There are some differences between this study and that by Sullivan that affect direct comparison in some sample zones and in habitat units 9 and 10. First, the region surveyed by Sullivan and the region of this study are not identical and although estimates of koala abundance in 2009 are limited to the overlap zone, Sullivan’s koala estimates are for a larger area. The area covered by SZ 2 in 2009 is smaller than in 1995, and did not include the region around Idalia National Park, where Sullivan et al. (2004) found koalas in HU9 and HU10 vegetation. We found no fresh pellets in HU9 or HU10 in SZ 2, but we sampled a much smaller area of these two habitat units and this reduced our chances of finding fresh pellets. Overall, we had proportionally fewer sites in HU9 and 10 than in Sullivan et al. (2004). This may affect the comparison between the two studies, as their population estimates were high for these two habitats (Table 3). We found no fresh pellets in HU10, so no density estimates could be calculated, and we estimated low densities from fresh pellets in HU9. Our conclusion is that the koala population in these habitats markedly decreased during the drought, despite the difference in sampling effort. The area covered by SZ 6 and SZ 9 was slightly larger in Sullivan’s study (Fig. 1). Fresh pellets were found by Sullivan at two sites on one property in SZ 6 that was not in the overlap zone.
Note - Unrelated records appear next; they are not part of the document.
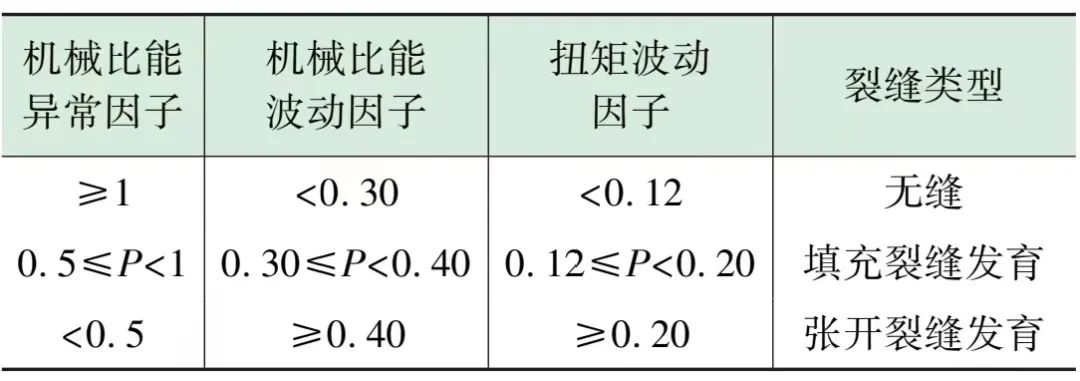 根据钻压、扭矩、深度、钻时等测量参数,计算无缝、填充裂缝和张开裂缝试件的扭矩波动因子、机械比能、机械比能异常因子、机械比能波动因子等衍生参数,如表2所示。
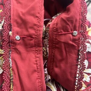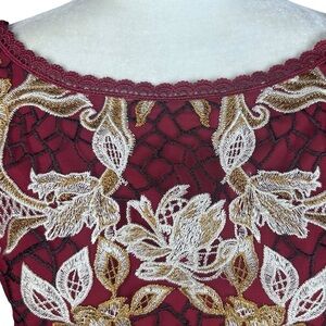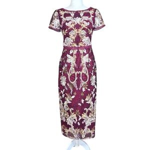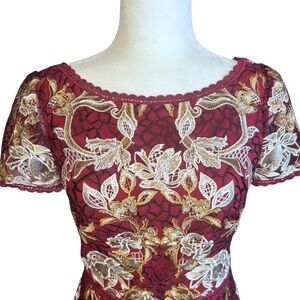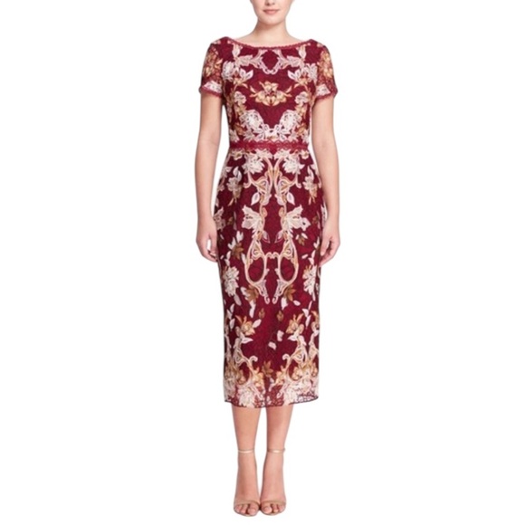 boat neckline short sleeves fitted bodice column skirt embroidered guipure floral motif midi tea dress imported dry clean color: burgundy
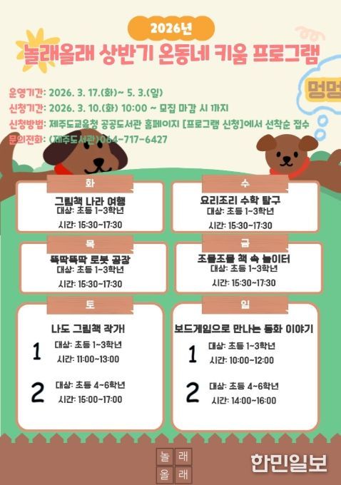 한민일보 서울포커스 임경복 기자 | 제주도교육청 제주도서관은 도내 초등학생들의 알찬 방과 후와 주말 활동을 지원하기 위해 2026년 상반기 주중·주말 온동네 키움 프로그램’을 본격 운영한다.

The sites with fresh pellets in SZ 8 were close to the boundary with SZ 9 and the different estimates in these two zones may reflect a slightly different boundary position between the two survey periods, rather than a significant change in numbers. Finally, there appears to be a discrepancy in koala abundances in HU1 and HU2 between the 1995 and 2009 figures, with our HU2 showing higher numbers. This may reflect a difference in the habitat unit assigned to each site. Notwithstanding these minor differences in the two survey methods, the field data and analysis reflect a real decline in koala numbers since 1995 in south-west Queensland. Our results show that climate change and land clearing are key concerns for the long-term survival of koalas in this region.